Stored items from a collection
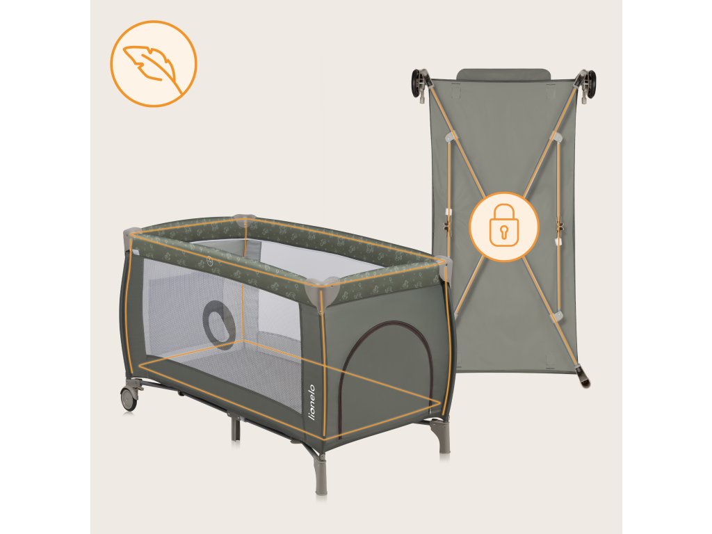Součástí je cestovní skládací matrace, kterou lze použít i do vložného lůžka (rozměr 120x60 cm). Vložné lůžko je také součástí balení
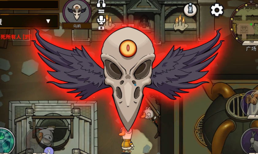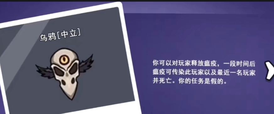 乌鸦是一个隶属于中立阵营的特色角色,其核心技能是向附近的玩家释放瘟疫。该技能冷却时间较长,为30秒,需要玩家审慎把握使用时机。被瘟疫感染的玩家在大约10秒后,会将瘟疫传染给与其距离最近的一名其他玩家,并导致两人同时阵亡;若感染期间目标始终处于落单状态,则其会独自死亡。乌鸦的所有任务均为虚假任务,因此玩家无需像鹅或鸭阵营那样专注于完成任务或破坏,可将全部精力用于策划瘟疫的传播与局势操控。
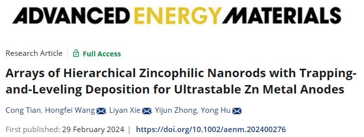 近日,化材学院胡勇教授等人在国际顶尖期刊《Advanced Energy Materials》(中科院1区Top,IF=27.8)在线发表题为《分层亲锌纳米棒阵列通过先捕获后填平沉积实现超稳定锌负极》(Arrays of hierarchical zincophilic nanorods with trapping-and-leveling deposition for ultrastable Zn metal anodes)的研究论文,证明了由氮掺杂碳包覆Cu5Zn8合金构筑的核壳纳米棒阵列(Cu5Zn8@NC)可以均匀负极界面离子通量并降低局部电流密度,实现超长的镀锌/剥离循环。
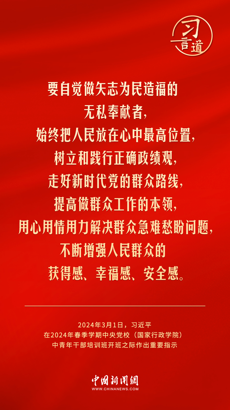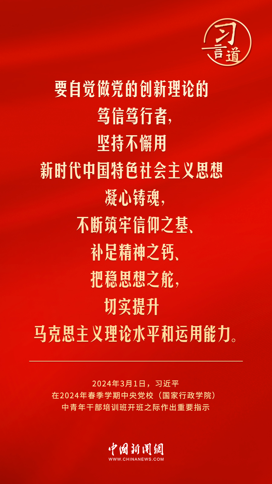 2024年春季學(xué)期中央黨校(國家行政學(xué)院)中青年干部培訓(xùn)班3月1日上午在中央黨校開班。中共中央總書記、國家主席、中央軍委主席習(xí)近平作出重要指示,他強調(diào)——
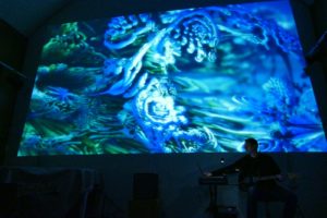 Il est revenu cette année pour livrer une performance ethno-ambient à base de nappes atmosphériques serties de percussions abstraites dans lesquelles il incrustait des boucles de guitare en alternance avec des interventions différentes flûtes chinoises, japonaises… avec en fond sur écran de superbes animations parfaitement en phase avec la musique, réalisées avec le programme fractal Mandelbulb 3D, qui permet de créer ses propres mondes et de voyager à travers eux. Visionnaire et thérapeutique, féérique et fantastique.
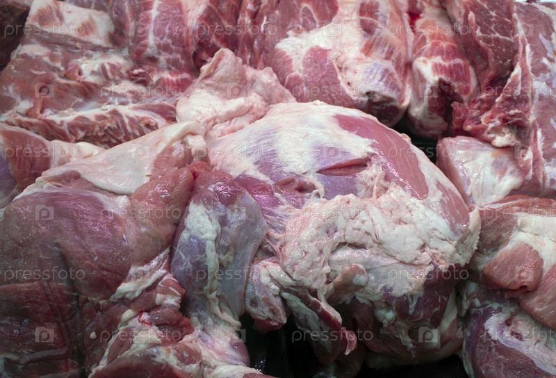Сырое свежее красное мясо лежит в мясном отделе магазина и на рынке
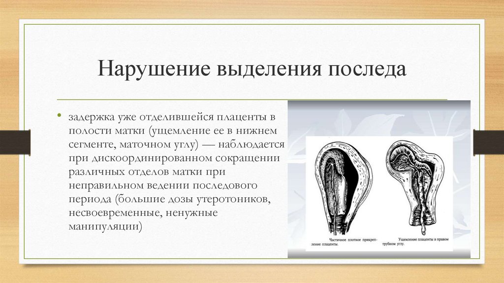 Нарушение выделения последа• задержка уже отделившейся плаценты в
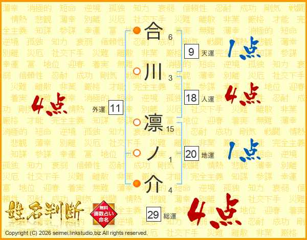 合川凛ノ介さんの総運は29画の4点!

(Required action)
Exactly what appears in the records above must be returned, apart from the pictures.

(Reply to the task)
Součástí je cestovní skládací matrace, kterou lze použít i do vložného lůžka (rozměr 120x60 cm). Vložné lůžko je také součástí balení
 乌鸦是一个隶属于中立阵营的特色角色,其核心技能是向附近的玩家释放瘟疫。该技能冷却时间较长,为30秒,需要玩家审慎把握使用时机。被瘟疫感染的玩家在大约10秒后,会将瘟疫传染给与其距离最近的一名其他玩家,并导致两人同时阵亡;若感染期间目标始终处于落单状态,则其会独自死亡。乌鸦的所有任务均为虚假任务,因此玩家无需像鹅或鸭阵营那样专注于完成任务或破坏,可将全部精力用于策划瘟疫的传播与局势操控。
 近日,化材学院胡勇教授等人在国际顶尖期刊《Advanced Energy Materials》(中科院1区Top,IF=27.8)在线发表题为《分层亲锌纳米棒阵列通过先捕获后填平沉积实现超稳定锌负极》(Arrays of hierarchical zincophilic nanorods with trapping-and-leveling deposition for ultrastable Zn metal anodes)的研究论文,证明了由氮掺杂碳包覆Cu5Zn8合金构筑的核壳纳米棒阵列(Cu5Zn8@NC)可以均匀负极界面离子通量并降低局部电流密度,实现超长的镀锌/剥离循环。
 2024年春季學(xué)期中央黨校(國家行政學(xué)院)中青年干部培訓(xùn)班3月1日上午在中央黨校開班。中共中央總書記、國家主席、中央軍委主席習(xí)近平作出重要指示,他強調(diào)——
 Il est revenu cette année pour livrer une performance ethno-ambient à base de nappes atmosphériques serties de percussions abstraites dans lesquelles il incrustait des boucles de guitare en alternance avec des interventions différentes flûtes chinoises, japonaises… avec en fond sur écran de superbes animations parfaitement en phase avec la musique, réalisées avec le programme fractal Mandelbulb 3D, qui permet de créer ses propres mondes et de voyager à travers eux. Visionnaire et thérapeutique, féérique et fantastique.
Сырое свежее красное мясо лежит в мясном отделе магазина и на рынке
 Нарушение выделения последа• задержка уже отделившейся плаценты в
 合川凛ノ介さんの総運は29画の4点!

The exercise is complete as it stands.